The second paper uses the text of Margaret Atwood’s novel The Handmaid’s Tale, as well as its TV adaptation, to highlight the responses of the American Evangelical community to environmental stressors. The paper raises questions about why this religious group has tended to reject scientific evidence for climate change and other ecological disasters and to embrace a theological justification for humanity’s domination of Creation. Socio-economic privilege influences how American Evangelicals and other marginalized groups perceive environmental change, and populist leadership have used Evangelicals’ religious beliefs to encourage specific reactions.

The third paper focuses on how spectacular manifestations of climate change, such as hurricanes of unprecedented force, can generate new cultural politics. Drawing on Sidney Verba’s theorization of American political religion, Marxist interpretations of public ritual, and Foucault and Bourdieu’s treatment of political culture as an arena of practice rather than belief, the paper considers the effects of two hurricanes: Hurricane Sandy in the US (2012) and Hurricane Gonu in Oman (2007). The paper posits the emergence of “disaster nationalism” in response to such cataclysmic events, and the embrace of self-sufficiency and community resilience as themes prevalent in both Christian and Muslim religious traditions. Evidence from these two case studies—drawn from interviews, archival research, and ethnographic data—demonstrates how the communities affected did not mobilize for a systematic policy response to climate change, despite being directly impacted by its effects, and discusses implications for how climate change disasters may be interpreted as they become more pronounced.
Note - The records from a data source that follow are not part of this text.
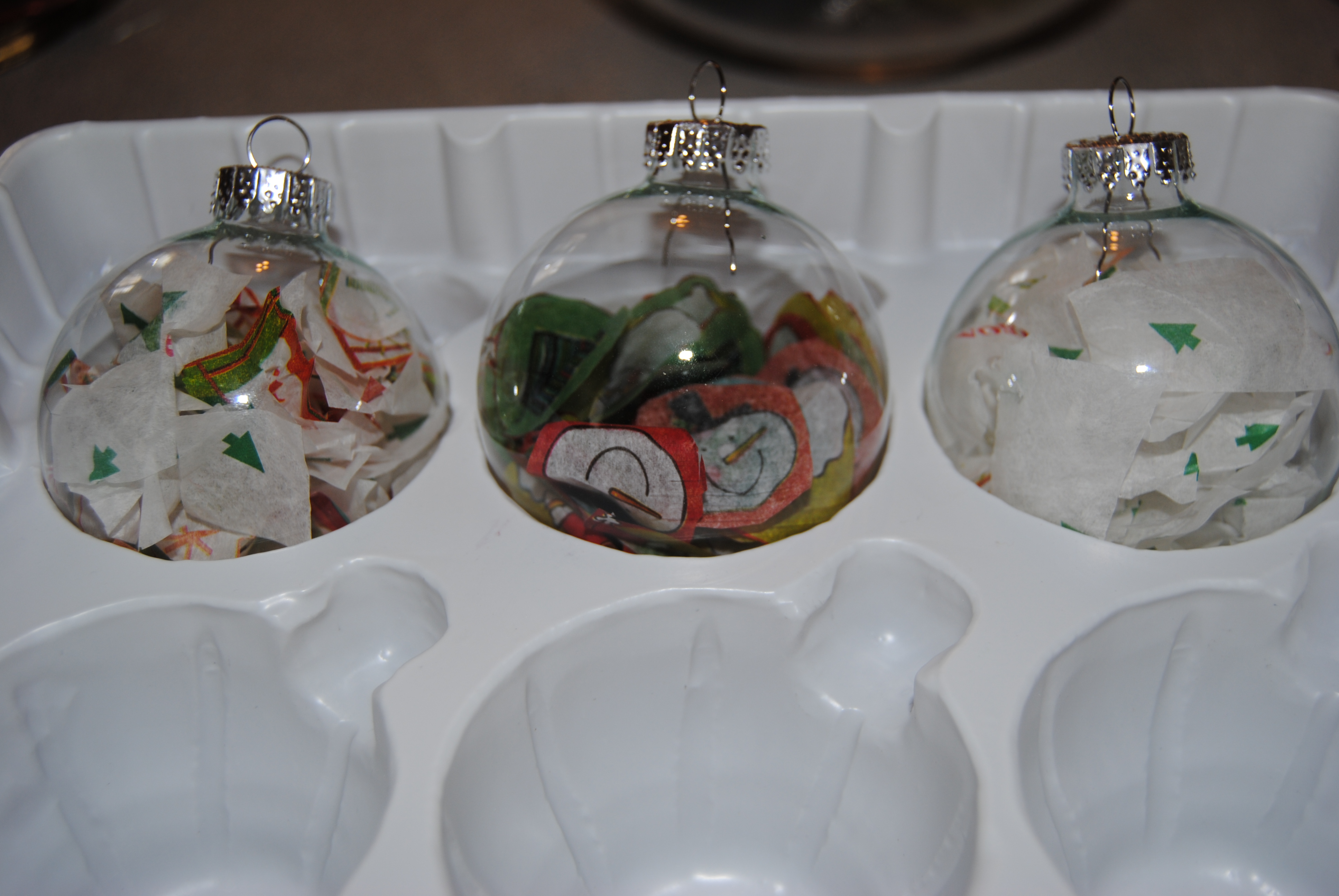 First we cut festive tissue paper into small pieces, then put the pieces into clear glass ornaments.
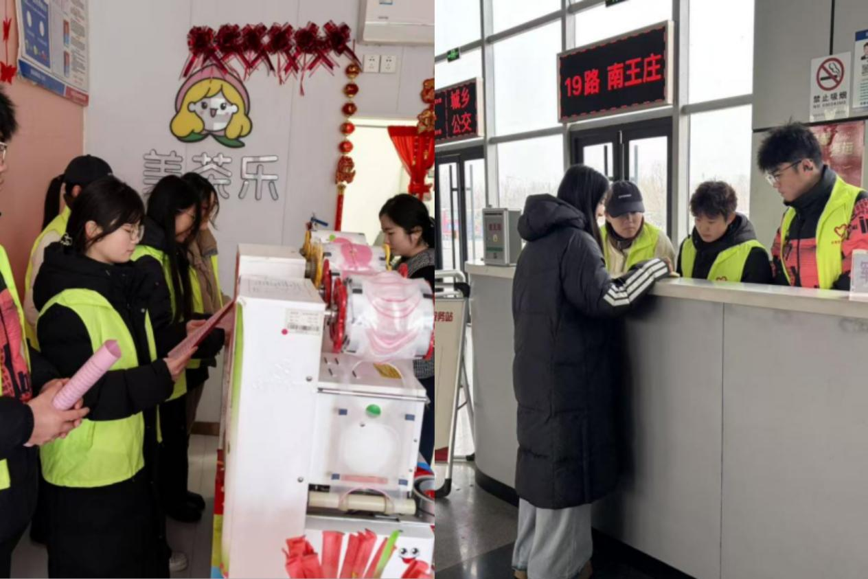与此同时,尹茂硕在客运站开展暖冬志愿便民服务。他主动协助工作人员引导旅客购票、检票,耐心解答旅客咨询,主动帮助旅客搬运行李,用热情的服务为返乡旅客提供便利。针对老弱病残孕等特殊群体,他重点提供帮扶,免费为旅客提供热水、应急药品,同时普及旅途安全常识,用暖心举措护航群众返乡路。此次实践不仅锻炼了他的沟通协调和服务能力,更让他深刻体会到基层服务的意义,进一步强化了作为团支书的责任与担当,为今后的学习和工作积累了宝贵经验。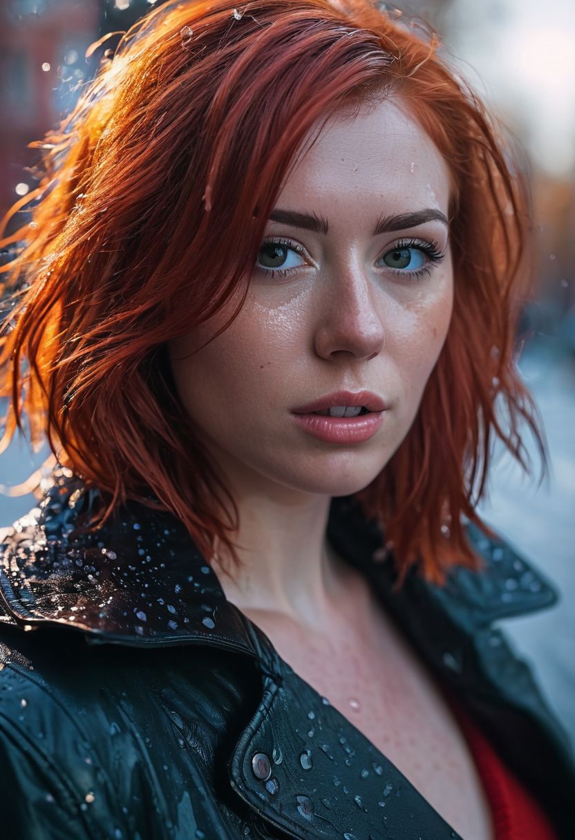 (best quality, high quality, sharp focus:1.4), (post-coital:2), beautiful european woman who has just had passionate and energetic sex, (natural red hair: 1.1), open coat, frontal view, leather boots, Irish, freezing rain, striking makeup, onoff, goosebumps, freezing cold, empty street, film, bokeh, professional, 4k, highly detailed, fujifilm XT3, dark, analog photo, deep shadows, by ilya kuvshinov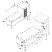 Elevate your entryway with this multifunctional shoe storage bench, elegantly merging form and function. Its engineered wood frame is finished with a durable natural oak colored wood-look laminate veneer, while a black faux leather cushion, foam-padded for comfort, tops the seating area. On one side, a cane-style metal panel door opens to reveal four tiers of shelving, neatly organizing your footwear. Supported by black powder-coated metal legs, this versatile piece delivers both style and practicality in one refined package. Key Features: • A multifunctional shoe storage bench in natural oak finish with integrated seating • Black faux leather upholstered cushion for plush comfort • Cane-style metal door panel concealing four tiers of shoe shelves • Engineered wood construction with a protective laminate veneer • Sturdy black powder-coated metal legs ensure stability and durability • Perfect for maintaining a tidy, welcoming entryway or hallway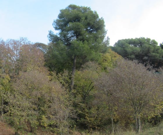Amb pi blanc a les vessants assolellades, degut als incendis forestals i amb roure martinenc a les obagues.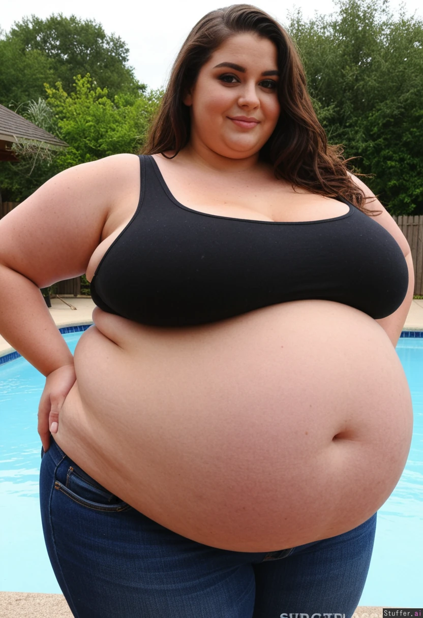 Brunette hair, wavy hair, brown eyes, oval shaped face, beautiful, subtle smile, thick dark eyebrows, long eyelashes, full body, perfect lighting, tanned skin, succulent body, wide hips, black crop top and tight jeans, poolside, (gigantic_belly:1.6), jiggly SSBBW beauty, (massive belly overhang:1.5), extremely stuffed belly, side view, belly focused, cleavage, coming out of the water, wet body, fatter
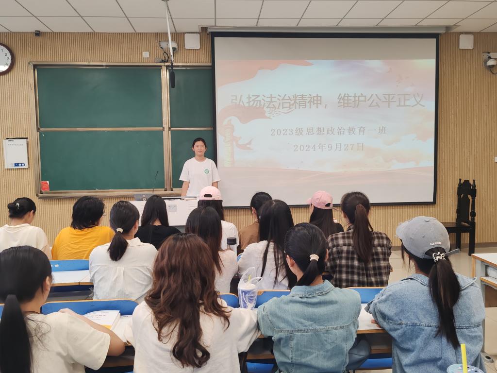 为弘扬宪法精神,增强法制意识,9月27日上午,sjb世俱杯网站2023级思想政治教育一班在社科楼515教室召开“弘扬法治精神,维护公平正义”主题团课。2023级思想政治教育一班全体同学参与本次团课,团课由团支书张卓主持。

The fourth paper examines the contemporary emergence of environmental thought and activism within Christian, Islamic, Jewish, Hindu, and Buddhist communities. It analyzes how these different faith communities have used their existing texts, practices, and beliefs to inform their response to ecological degradation, specifically focusing on how different attitudes towards humanity’s relationship to the natural world inform whether a given religious community is more likely to adopt an attitude of conservation or exploitation. This research examines public lectures, letters, sermons, statements of faith from traditional and grass-roots religious leaders in order to analyze how they seek to legitimize and motivate a religious response to the threat of climate change.

The papers combine different methodological approaches, geographies, religious traditions, and areas of focus to offer an overview of how political science can approach matters of religion, the environment, and politics. The privilege to ignore the impacts of climate change, as well as the ways in which religious belief is manipulated by populist political leaders, influence the outcomes observed and the conclusions drawn.